* [WHAT YOU ARE ASKED TO DO]
Give the lines again exactly as they appear below, from the line with "ファイルの名前を曲のタイトルに変更します。(MP4、THM両方)" to the line with "[图文]民国31年同盟胜利美金公债券   1000元         ★★★", both included, and only those lines. Leave every picture out.

* [WORKING DATA]
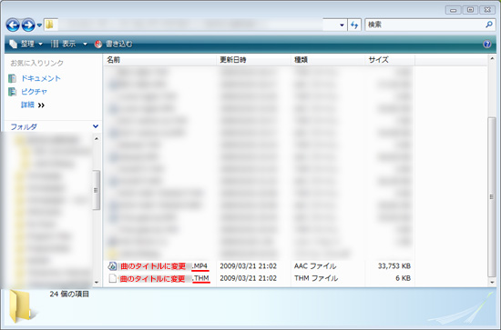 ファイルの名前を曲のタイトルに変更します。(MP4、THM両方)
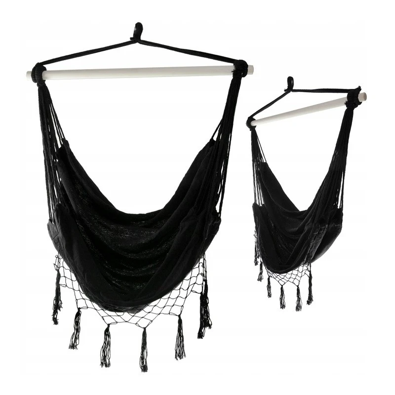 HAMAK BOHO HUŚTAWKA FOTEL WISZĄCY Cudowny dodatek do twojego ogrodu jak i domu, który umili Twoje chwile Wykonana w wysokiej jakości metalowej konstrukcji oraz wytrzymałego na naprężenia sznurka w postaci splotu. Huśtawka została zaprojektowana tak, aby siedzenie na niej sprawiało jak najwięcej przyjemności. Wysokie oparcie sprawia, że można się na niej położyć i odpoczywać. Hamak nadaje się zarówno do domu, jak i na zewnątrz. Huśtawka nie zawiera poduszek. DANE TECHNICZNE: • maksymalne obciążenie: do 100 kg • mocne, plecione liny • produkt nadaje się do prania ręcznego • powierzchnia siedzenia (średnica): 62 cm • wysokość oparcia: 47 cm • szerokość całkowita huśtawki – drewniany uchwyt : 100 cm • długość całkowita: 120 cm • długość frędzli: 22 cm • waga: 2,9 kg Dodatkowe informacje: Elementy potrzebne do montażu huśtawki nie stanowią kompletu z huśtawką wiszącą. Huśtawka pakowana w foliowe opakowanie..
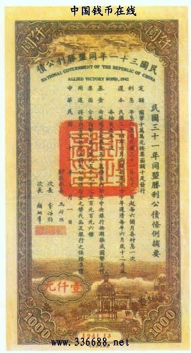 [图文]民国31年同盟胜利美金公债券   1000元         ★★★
--
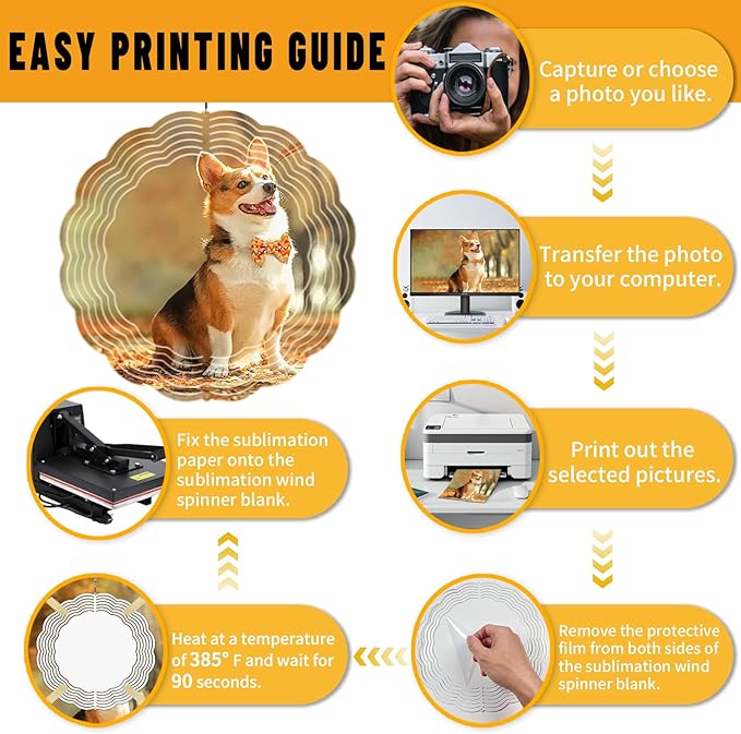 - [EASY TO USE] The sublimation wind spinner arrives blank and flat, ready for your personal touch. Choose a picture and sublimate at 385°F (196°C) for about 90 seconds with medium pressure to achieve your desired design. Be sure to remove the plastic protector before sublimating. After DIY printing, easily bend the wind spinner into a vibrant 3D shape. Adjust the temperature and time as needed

* [RESPONSE FOR THIS EXERCISE]
 ファイルの名前を曲のタイトルに変更します。(MP4、THM両方)
 HAMAK BOHO HUŚTAWKA FOTEL WISZĄCY Cudowny dodatek do twojego ogrodu jak i domu, który umili Twoje chwile Wykonana w wysokiej jakości metalowej konstrukcji oraz wytrzymałego na naprężenia sznurka w postaci splotu. Huśtawka została zaprojektowana tak, aby siedzenie na niej sprawiało jak najwięcej przyjemności. Wysokie oparcie sprawia, że można się na niej położyć i odpoczywać. Hamak nadaje się zarówno do domu, jak i na zewnątrz. Huśtawka nie zawiera poduszek. DANE TECHNICZNE: • maksymalne obciążenie: do 100 kg • mocne, plecione liny • produkt nadaje się do prania ręcznego • powierzchnia siedzenia (średnica): 62 cm • wysokość oparcia: 47 cm • szerokość całkowita huśtawki – drewniany uchwyt : 100 cm • długość całkowita: 120 cm • długość frędzli: 22 cm • waga: 2,9 kg Dodatkowe informacje: Elementy potrzebne do montażu huśtawki nie stanowią kompletu z huśtawką wiszącą. Huśtawka pakowana w foliowe opakowanie..
 [图文]民国31年同盟胜利美金公债券   1000元         ★★★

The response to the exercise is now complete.